Boretto (Reggio Emilia), 10 gennaio 2014 -  DOVEVA essere un punto di riferimento per la navigazione commerciale su fiume, ma dal 2007, anno della sua inaugurazione, in pratica non è mai entrato in funzione. Una vera e propria ‘cattedrale nel deserto’ da otto milioni di euro. È il Tec, il Terminal dell’Emilia Centrale di San Rocco di Boretto, un porto progettato nel paese reggiano per fungere da attracco per navi commerciali, unica infrastruttura idroviaria di questo tipo sulla sponda emiliana del Po.
Pensato già alla fine degli anni Novanta dai vertici dell’ex Arni (poi confluita in Aipo), il porto commerciale borettese doveva offrire un’alternativa al trasporto su strada e portare al fiume i flussi di traffico che si prestano al trasporto su acque interne: interti, sabbie, argille, ghiaia, ma anche olio combustibile, gas, prodotti chimici, farine, materiali ferrosi… Forte dei numeri del 2003 e del 2004 dei valori del trasporto su fiume (circa tre milioni di tonnellate di merci varie), il progetto del Tec sembrava essere un grosso investimento improntato al futuro del trasporto commerciale su una vasta area del nord Italia, fra la zona delle Ceramiche e la Motor Valley.

IL TEC è stato realizzato con una capacità di circa 700 mila tonnellate all’anno (2.500 tonnellate al giorno), con previsione di accogliere da subito circa 70 mila tonnellate di merci, pari a oltre tremila autotreni che sarebbero stati tolti dal traffico stradale. Che significa limitato rischio di incidenti (soprattutto per i possibili effetti di trasporti di materiale chimico o pericoloso) e riduzione di inquinamento atmosferico.

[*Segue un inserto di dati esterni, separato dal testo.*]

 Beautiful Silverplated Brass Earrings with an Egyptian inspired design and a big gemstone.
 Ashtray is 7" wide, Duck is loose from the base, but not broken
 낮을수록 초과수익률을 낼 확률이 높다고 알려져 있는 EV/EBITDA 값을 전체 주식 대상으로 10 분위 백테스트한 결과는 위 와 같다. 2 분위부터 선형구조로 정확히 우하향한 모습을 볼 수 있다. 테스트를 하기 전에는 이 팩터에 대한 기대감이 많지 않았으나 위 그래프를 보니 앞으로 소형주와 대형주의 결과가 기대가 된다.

Per rendere efficiente il Tec, si era pensato pure ai collegamenti con l’esterno: un’adeguata bretella stradale con collegamento diretto alla Cispadana (il nuovo asse che attraversa tutta l’area rivierasca reggiana, da Codisotto di Luzzara fino a Brescello), ma anche un percorso ferroviario (questo, però, mai realizzato) per raggiungere la vicina linea Parma-Guastalla-Suzzara.
Un progetto, quello del porto commerciale, approvato nel 1998 dalla Regione Emilia-Romagna con fondi dello Stato, per una somma di oltre otto milioni di euro. Un prezzo concorrenziale del carburante per le navi e accordi con grossi gruppi industriali avrebbero dovuto lanciare il trasporto fluviale. Ma, dopo i timidi segnali di interesse iniziali, in molti avevano preferito mantenere il servizio di trasporto su rotaia e su gomma, evitando così i possibili disagi dovuti allo stop della navigazione nei periodi di secca del fiume Po. Così, al Tec di Boretto di grandi navi non ne sono mai arrivate. Così come il grande piazzale è sempre rimasto deserto.

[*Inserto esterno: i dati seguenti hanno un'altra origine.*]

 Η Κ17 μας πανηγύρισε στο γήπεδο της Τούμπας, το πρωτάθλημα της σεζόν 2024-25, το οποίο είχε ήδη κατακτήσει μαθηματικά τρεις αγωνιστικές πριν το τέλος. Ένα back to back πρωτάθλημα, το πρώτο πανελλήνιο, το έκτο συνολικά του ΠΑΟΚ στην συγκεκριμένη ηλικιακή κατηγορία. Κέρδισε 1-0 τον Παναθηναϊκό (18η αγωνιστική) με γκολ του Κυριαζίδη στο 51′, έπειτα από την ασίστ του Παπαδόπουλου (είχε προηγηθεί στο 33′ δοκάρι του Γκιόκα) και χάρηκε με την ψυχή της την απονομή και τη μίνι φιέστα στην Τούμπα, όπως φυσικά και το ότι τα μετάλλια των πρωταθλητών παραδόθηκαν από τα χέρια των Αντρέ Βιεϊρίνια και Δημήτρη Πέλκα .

A ECCEZIONE di un periodo in cui un’azienda locale, la Bacchi Spa, nel 2008 aveva ottenuto il permesso di usare l’area esterna del piazzale come deposito per tubi in metallo, pagando un affitto di 18mila euro all’anno. Ma anche quel deposito, in tempi brevi, era stato ‘smantellato’, togliendo pure quella minima attività che si era creata attorno alla struttura. Una realtà che non è cambiata nel tempo: il Tec di Boretto resta abbandonato a sé stesso. Resta la segnaletica che indica il porto, ma il grande cartello all’ingresso è stato rimosso dalla struttura, che ai passanti sul vicino argine appare come un gran piazzale su cui crescono solo… erbacce.